C’est avec une grande tristesse et beaucoup d’émotion que j’ai appris la disparition de Jean Lévy, délégué régional des Fils et Filles de Déportés Juifs de France.
Infatigable passeur de mémoire, il a œuvré sans relâche pour transmettre l’histoire des déportés, dénoncer la barbarie nazie et rappeler l’horreur de la Shoah, dont il était un rescapé.

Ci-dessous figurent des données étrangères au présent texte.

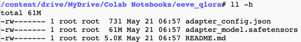 저장된 모델 가중치 파일의 크기를 확인해 보시면, MB 단위로 매우 작습니다. 이는 모델의 전체 가중치가 아닌, QLoRA가 적용된 가중치만 저장된 것이기 때문입니다.
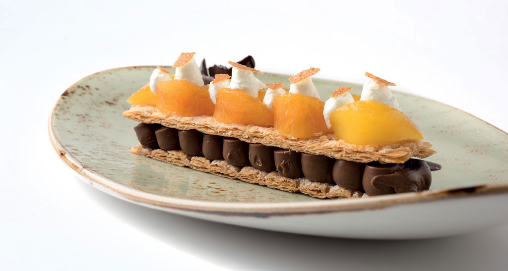 Disponete con un sac-à-poche il cremoso su di un rettangolo di sfoglia, aggiungete un po’ di croccante di cioccolato, gruè di cacao e coprite con un’altra sfoglia. Distribuitevi al di sopra gli spicchi di pesca e decorate con ciuffi di Panna Prima Blanca Debic montata e frammenti di croccante al gruè. Adagiate sul piatto un piccolo scodellino ottenuto con del cioccolato temperato e ponetevi all’interno il sorbetto alla pesca. Decorate il piatto con salsa di cioccolato e amaretto sbriciolato.

Son action résonne particulièrement à Vénissieux, marquée par le sauvetage de 108 enfants juifs, exfiltrés d’un camp d’internement par une communauté d’hommes et de femmes au courage exceptionnel, refusant l’innommable et empêchant leur déportation. Grâce à ces Justes, à ces résistants, qui ne pouvaient tolérer la collaboration active de Vichy et de l’Etat Français, un espoir est né dans le contexte terrible de la grande rafle du 26 août 1942.
Comme le rappelait Jean Lévy, « l’histoire de la Shoah répond aussi à un devoir civique ». Restons fidèles à son engagement constant contre l’oubli et pour la transmission de cette mémoire, un exemple précieux pour les jeunes générations.
Vénissieux, ville de Résistance, perd un compagnon fidèle très lié à notre travail de mémoire et à son histoire.
En mon nom personnel et au nom de la Ville de Vénissieux, j’adresse mes sincères condoléances à sa famille, à ses proches et aux membres des Fils et Filles de Déportés Juifs de France.